Is it a question of morals which must depend upon educators and apostles;or is it merely a conflict of opposing rights which may ( 127) legitimately use coercion ? The question, from the very nature of the case, is confusing; for, of necessity, the labor movement has perfectly legitimate economic and business aspects, which loom large and easily overshadow the ethical. We would all agree that only when men have education, a margin of leisure, and a decent home can they find room to develop the moral life. Before that, there are too many chances that it will be crushed out by ignorance, by grinding weariness, and by indecency. But the danger lies in the conviction that these advantages are to be secured by any means, moral or non-moral, and in holding them paramount to the inner life which they are supposed to nourish. The labor movement is confronted by that inevitable problem which confronts every movement and every individual. How far shall the compromise be made between the inner concept and the outer act? How may we concede what it is necessary to concede, without conceding all?
We constantly forget that, in the last analysis, the spiritual growth of one social group is conditioned by the reaction of other social groups upon it. We ignore the fact that the worship of success, so long dominant in America, has taught the majority of our citizens to count only accomplishment and to make little inquiry concerning ( 128) methods. Success has become the sole standard in regard to business enterprises and political parties, but it is evident that the public intends to call a halt before it is willing to apply the same standard to labor organizations.

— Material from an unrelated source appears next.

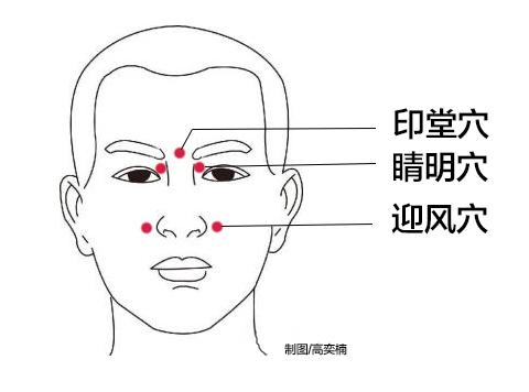 從迎香穴推到內(nèi)眼角的睛明穴,對迎風(fēng)流淚、無風(fēng)也流淚的淚道不暢,效果十分顯著;并對早期的真假性近視、老花眼、玻璃體混濁、白內(nèi)障、青光眼等導(dǎo)致的視力模糊效果也不錯。繼續(xù)推到印堂穴,這樣做會防治由眼疾、鼻疾引起的前頭痛、額竇炎。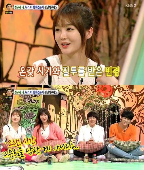 강민경은 22일 오후 방송된 KBS 예능프로그램 ‘대국민 토크쇼 안녕하세요’(이하 ‘안녕하세요’)에서 “고등학교 때 전학을 갔는데 가자마자 전따를 당했다”고 말했다.

It is clear that the present moment is one of unusual crisis -- that many of the trades unions of America have reached a transitional period, when they can no longer be mere propagandists, but are called upon to deal with concrete and difficult situations. When they were small and persecuted, they held to the faith and its implication of idealism. As they become larger and more powerful, they make terms with the life about them, and compromise as best they may with actual conditions.
The older unions, which have reached the second stage that may be described as that of business dealing, are constantly hampered and harassed by the actions of the younger unions which are still in the enthusiastic stage.